N.J. Senate to kick off National Sunshine Week with bill that guts Open Public Records Act, ‘brings darkness’ instead

Sen. Paul Sarlo

Editor’s Note: This article was previously published by The Jersey Vindicator, which has made it available to all news media in New Jersey because of the importance of open public records. You can see the complete text of the draft bill at the Jersey Vindicator site.

State Sen. Paul Sarlo, left, a Democrat representing Bergen and Passaic Counties, is sponsoring a bill that would gut the state’s Open Public Records Act, taking away some of the most important provisions of the law. The law, commonly referred to as OPRA, gives citizens rights to access public information and helps them understand how their government functions.

The Senate Budget and Appropriations Committee will review the bill, S-2930, at a public hearing at 10 a.m. on Monday, March 11 in Committee Room 4 on the 1st floor of the State House Annex in Trenton. Members of the public can attend and comment, and can also contact Senators who serve on the committee. Sarlo chairs the committee, and Sen. Linda Greenstein (D-Middlesex) is the co-chair of the committee.

“It’s shocking that the Legislature has opted to kick off Sunshine Week by putting forth yet another disastrous bill to gut OPRA,” Lawyer C.J. Griffin said. “There is nothing pro-transparency in this bill — every provision that is added or amended significantly undermines the public’s right to information and makes it much harder, if not impossible, for reporters to do their jobs. This bill brings us darkness, not sunshine.”

Lawyer Walter Luers, president of the New Jersey Foundation for Open Government pointed out that the bill was introduced on March 4, and will already be heard by the Senate Budget And Appropriations Committee on March 11.

“Any good faith attempt at reform would have involved all stakeholders. So far, none of the stakeholders that I have contacted this evening were aware of the new legislation,” Luers said. “While we, again, would welcome the opportunity to engage in good-faith discussions on meaningful reform, this is not how the Senate should go about it.”
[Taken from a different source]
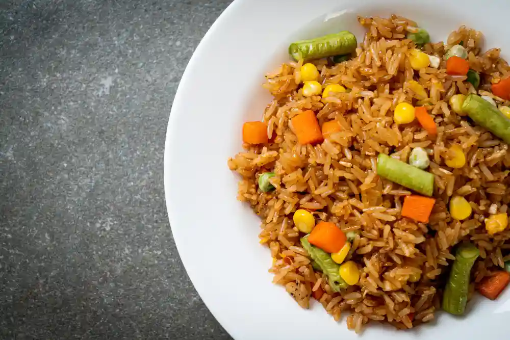 Riz sautés, Maïs, Carottes, Edamame, Oi…

Major provisions of the bill:

  • The bill guts fee-shifting by making it discretionary, not mandatory, which will make it difficult for requestors who are denied records to find lawyers to represent them to fight records denials from agencies that don’t follow the law and wrongfully deny access to public records.
  • The bill would make any “draft” private, which experts say makes it ripe for abuse.
  • The bill exempts all email logs and call logs.
  • The bill makes it much harder to request emails because a “specific subject matter” and “discrete and limited time period” must be provided, and the requestor must identify the specific person (not a job title, for example) whose email must be searched. That means the requestor must know the names of the people involved at the public agency.
  • Records custodians can deny any request if the agency thinks it could lead to “harassment,” which is vague and subjective.
  • The bill exempts all metadata.
  • A “task force” would be created to study police records, and the task force would be stacked with law enforcement and government representatives.
  • The bill exempts email addresses, home addresses, and pet license information.
  • The bill mandates the use of an OPRA request form, adding one more hurdle to obtaining records. Currently, citizens can email requests without using an official form.
  • The clock starts ticking for custodians to fill a request when the custodian “receives” the request. This means if a custodian is away from work, those days don’t count in terms of the timeframe for responding to requests. As it already stands, most custodians routinely request one or two extensions to produce records.
  • Records custodians will no longer have to give requestors documents in the format the requestors want anymore. For example, you may want a document sent to you via email, and the custodian could insist on giving you a paper copy instead.
  • You cannot request a record if it relates to current litigation against a public agency or if it is duplicative of a discovery request. Lawyers say this affects their ability to do work for their clients.
  • Records custodians can take 14 days to fill a request if they have to review it for Daniel’s Law compliance. Daniel’s Law forbids the disclosure of home addresses for public officials.
  • The bill would take away the incentive to comply with OPRA because it revokes the personal liability of records custodians for willful violations of the statute. Instead, the agency and thus the taxpayers would pay the fine. 
  • The bill also significantly limits “commercial” requests.

Luers said the provision of the bill that requires a records custodian to deny access “when the public agency has reason to believe that disclosure of such personal information may result in harassment, unwanted solicitation, identity theft, or opportunities for other criminal acts”  would open the floodgates to denials of access of all kinds of records since it’s theoretically possible to misuse any information or data.

The bill would reverse a landmark case, Paff v. Galloway, by eliminating access to email logs.  It would expand OPRA’s privacy provision to require records custodians to protect from public access “information that might reasonably lead to disclosure of a person’s personal information.” 

“Might” is an awfully thin reed on which to perch a brand new exception to access,” Luers said.